Virginia Woolf published her nonfiction book Three Guineas on June 2, 1938 as a sequel to A Room Of One’s Own.
The book’s original title was Professions for Women and it was intended to be a novel-essay with alternating fiction and nonfiction chapters. Eventually, Virginia separated the fiction and nonfiction sections. The nonfiction section became Three Guineas and the fiction section became her novel The Years.
The book is a long essay discussing fascism, war and feminism, tying them all together in a series of letters to various organizations that had requested financial donations from Virginia.
Although she began working on the book years before, Virginia confessed in her diary that the sudden death of her nephew Julian Bell in the Spanish Civil War in 1937 became a big influence on the book: “Yes I was always thinking of Julian when I wrote.”

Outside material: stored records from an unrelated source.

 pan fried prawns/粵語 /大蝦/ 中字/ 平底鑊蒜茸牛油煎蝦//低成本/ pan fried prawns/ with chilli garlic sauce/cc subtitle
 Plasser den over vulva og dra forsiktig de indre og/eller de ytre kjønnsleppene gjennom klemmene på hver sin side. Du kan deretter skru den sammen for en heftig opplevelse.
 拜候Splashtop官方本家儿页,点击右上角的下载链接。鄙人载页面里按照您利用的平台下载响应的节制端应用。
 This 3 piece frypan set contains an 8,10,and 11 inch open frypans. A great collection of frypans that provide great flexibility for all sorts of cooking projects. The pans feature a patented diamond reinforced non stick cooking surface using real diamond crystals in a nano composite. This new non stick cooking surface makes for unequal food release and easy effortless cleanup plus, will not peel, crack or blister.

Virginia’s biographer and nephew, Quentin Bell, sums up the book as a “product of a very odd mind and, I think, of a very odd state of mind. It was intended as a continuation of A Room of One’s Own, but it was written in a far less persuasive, a far less playful mood. It was a protest against oppression, a genuine protest denouncing real evils and, to the converted, Virginia did not preach in vain.”

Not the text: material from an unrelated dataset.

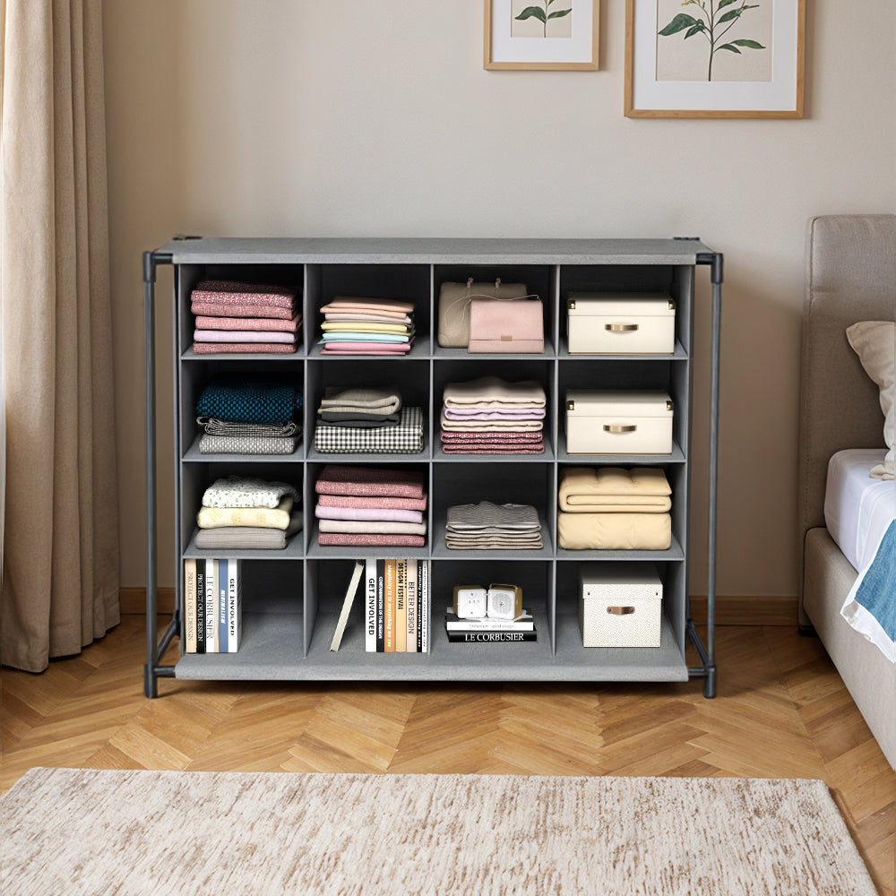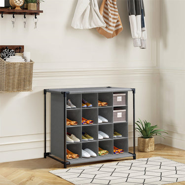 4-Tier Shoe Storage Rack – 16-Grid Freestanding Organizer with Fabric Cover and Metal Frame

The inspiration for the book first came to Virginia while she was in the bath one winter’s day in 1931:
“Tuesday 20 January
I have this moment, while having my bath, conceived an entire new book – a sequel to A Room of One’s Own – about the sexual life of women: to be called Professions of Women perhaps – Lord how exciting! This sprang out of my paper to be read on Wednesday to Pippa’s society. Now for The Waves. Thank God – but I’m very much excited!”

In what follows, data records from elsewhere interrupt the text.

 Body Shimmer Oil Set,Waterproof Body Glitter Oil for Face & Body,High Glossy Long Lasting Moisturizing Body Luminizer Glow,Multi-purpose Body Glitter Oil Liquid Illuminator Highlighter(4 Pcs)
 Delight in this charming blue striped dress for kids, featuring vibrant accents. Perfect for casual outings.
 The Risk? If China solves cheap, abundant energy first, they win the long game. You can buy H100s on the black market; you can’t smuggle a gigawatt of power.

Virginia was trying to finish up the last few chapters of her novel The Waves when this inspiration struck, making it hard for her to concentrate on finishing the long novel.
A few days after she recorded her initial inspiration, she changed the book’s working title to “Open Door” and complained that it was a major distraction:
“Friday 23 January
Too much excited, alas, to get on with The Waves. One goes on making up The Open Door, or whatever it is to be called. The didactive demonstrative style conflicts with the dramatic: I find it hard to get back inside Bernard again….Naturally I am rather used up – can’t make the effort this morning of going on with The Waves. And am 99: & get headaches very easily – Lord, how often this drains my last chapters of their strength! And now Open Door is sucking at my brain too. Such accidents can’t be avoided.”
Although excited by her new found inspiration, Virginia put the book on the back burner for many years while she worked on different projects, such as The Waves and The Years.
During this time, she changed the book’s working title numerous times, noting each new title in her diary.
In May of 1931, she renamed the book A Knock On The Door but then changed it again in September to A Tap At The Door before switching back to A Knock On The Door the following February, writing to herself “What’s it’s name?” in parenthesis next to the title.
About a week later she renamed it Men Are Like That? but then dismissed the title for being to “patently feminist.” A week after that, it was retitled A Knock On The Door again and then A Tap At The Door again in March.
In January of 1935, Virginia renamed it On Being Despised but then changed it in October to The Next War and then to Answers to Correspondents the following January in 1936 and then to Two Guineas in April.
The book didn’t receive it’s official name of Three Guineas until November of 1936 when she first began writing it. Once Virginia finally started on the book, she wrote it quickly over the course of a year and a few months, finally announcing in her diary in January of 1938 that she had just written the last chapter.
Although Virginia often summed up her thoughts on each of her books in her diary after she finished them, she was hesitant to do so for Three Guineas, instead writing on December 19, 1938:
“The reception of 3 Gs has been interesting, unexpected – only I’m note sure what I expected. 8,000 sold. Not one of my friends has mentioned it. My wide circle has widened – but I’m altogether in the dark as to the true merits of the book. Is it…? No, I won’t even formulate qualities; for, its true, no one has yet summed it up. Much less unanimity than about Room Of One’s Own.”
Three Guineas sold very well and was generally well received by the public but highly criticized by literary critics and Virginia’s friends.
Nonetheless, unlike with her other books, Virginia didn’t mind the criticism and barely made note of it, continuing on instead with writing Roger Fry’s biography, which became the last book she saw to publication before her suicide in March of 1941.
Sources:
Bell, Quentin. Virginia Woolf: A Biography. Harcourt Brace Jovanovich, 1972.
Woolf, Virginia. The Diary of Virginia Woolf: Volume Five: 1936-1941. Houghton Mifflin Harcourt, 1985.